- WHAT YOU NEED TO DO
Could every line below be transcribed exactly, with the pictures dropped?

- GIVEN INFORMATION
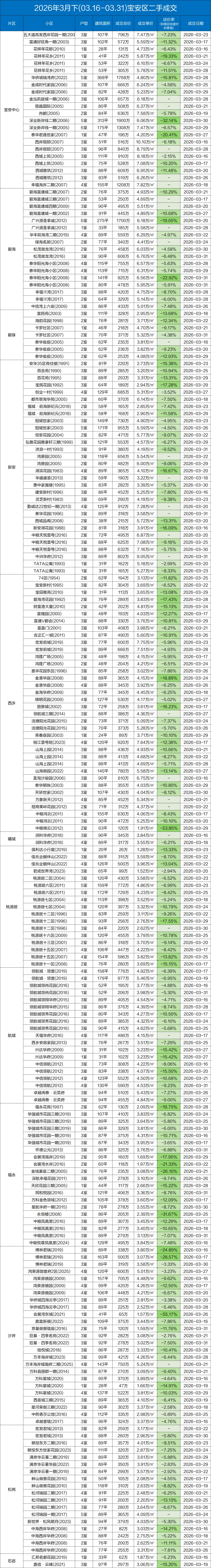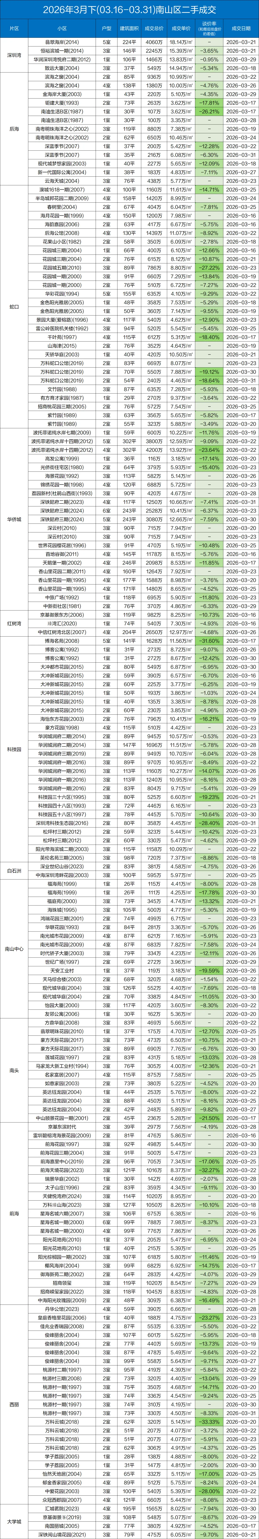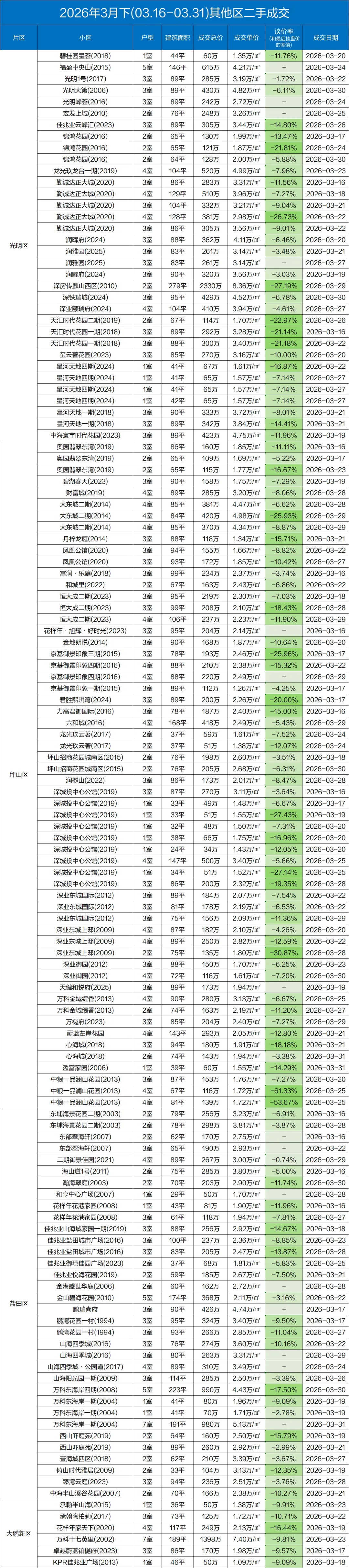 定期整理深圳二手房的成交数据,本次统计时间为:(2026.3.15-3.31)以下为深圳其中几家大机构的总和数据,从挂盘价到实际成交价的浮动率,应该也相当有参考价值了。
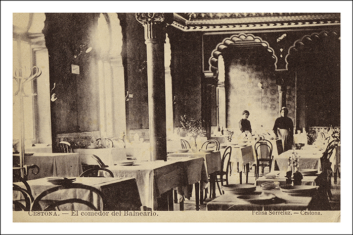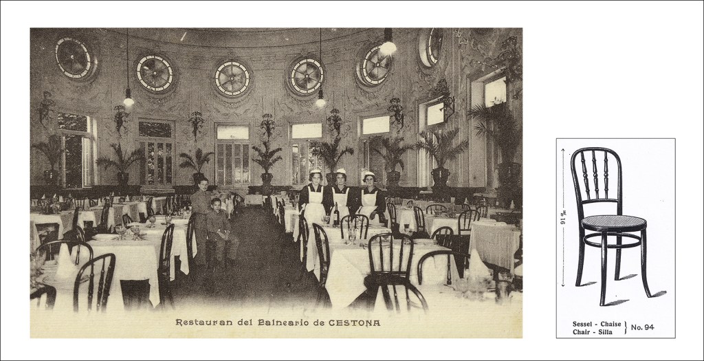 Situado en la localidad de Cestona/Zestoa, fue el primer balneario del País Vasco desde el siglo XVIII y todavía existe. El Gran Hotel data de 1893. En sus instalaciones se encontraban modelos variados de mueble de Viena, -sillas nº 14 y 18, modelos de Thonet, por ejemplo- destacando en el comedor llamado “salón árabe” la silla nº 94 de Hijos de D. G. Fischel, con tres barras torneadas en el respaldo. El modelo nº 94 apareció por primera vez en el catálogo de Fischel de 1889, p. 20 (archivo del autor) y estuvo en producción al menos hasta 1915. [Vid. SIMONÍKOVÁ, Jaromíra, D. G. Fischel Sons. The 1915 catalogue, München: Ketterer Kunst Verlag, 1992, anexo, p. 23]. Los respaldos torneados fueron una característica destacada del mobiliario de Fischel. Este estilo, de raigambre historicista, tuvo mucha repercusión en la producción de Valencia a partir del 1900.
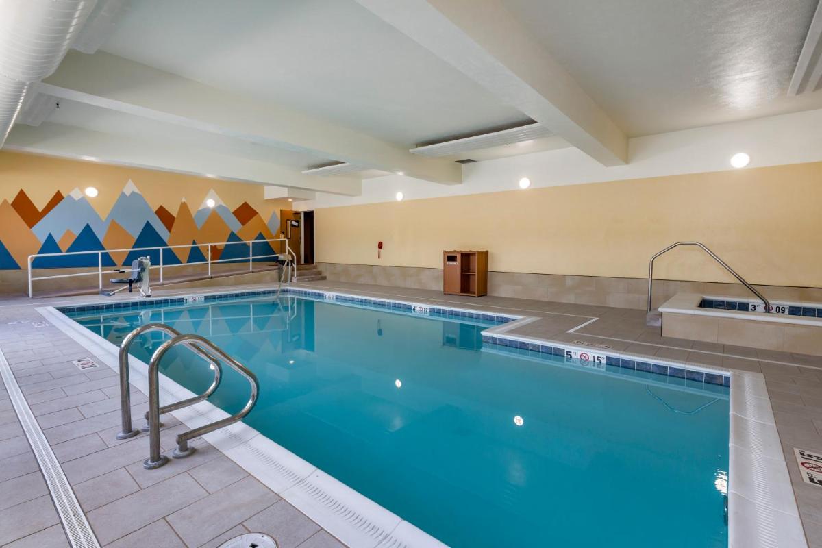 The gallery highlights guest rooms with clean lines and practical layouts, a breakfast area serving daily hot options, and an indoor pool with spa tub. Fitness and business facilities reflect the property’s balance of leisure and convenience.

- WRITTEN SOLUTION
 定期整理深圳二手房的成交数据,本次统计时间为:(2026.3.15-3.31)以下为深圳其中几家大机构的总和数据,从挂盘价到实际成交价的浮动率,应该也相当有参考价值了。
 Situado en la localidad de Cestona/Zestoa, fue el primer balneario del País Vasco desde el siglo XVIII y todavía existe. El Gran Hotel data de 1893. En sus instalaciones se encontraban modelos variados de mueble de Viena, -sillas nº 14 y 18, modelos de Thonet, por ejemplo- destacando en el comedor llamado “salón árabe” la silla nº 94 de Hijos de D. G. Fischel, con tres barras torneadas en el respaldo. El modelo nº 94 apareció por primera vez en el catálogo de Fischel de 1889, p. 20 (archivo del autor) y estuvo en producción al menos hasta 1915. [Vid. SIMONÍKOVÁ, Jaromíra, D. G. Fischel Sons. The 1915 catalogue, München: Ketterer Kunst Verlag, 1992, anexo, p. 23]. Los respaldos torneados fueron una característica destacada del mobiliario de Fischel. Este estilo, de raigambre historicista, tuvo mucha repercusión en la producción de Valencia a partir del 1900.
 The gallery highlights guest rooms with clean lines and practical layouts, a breakfast area serving daily hot options, and an indoor pool with spa tub. Fitness and business facilities reflect the property’s balance of leisure and convenience.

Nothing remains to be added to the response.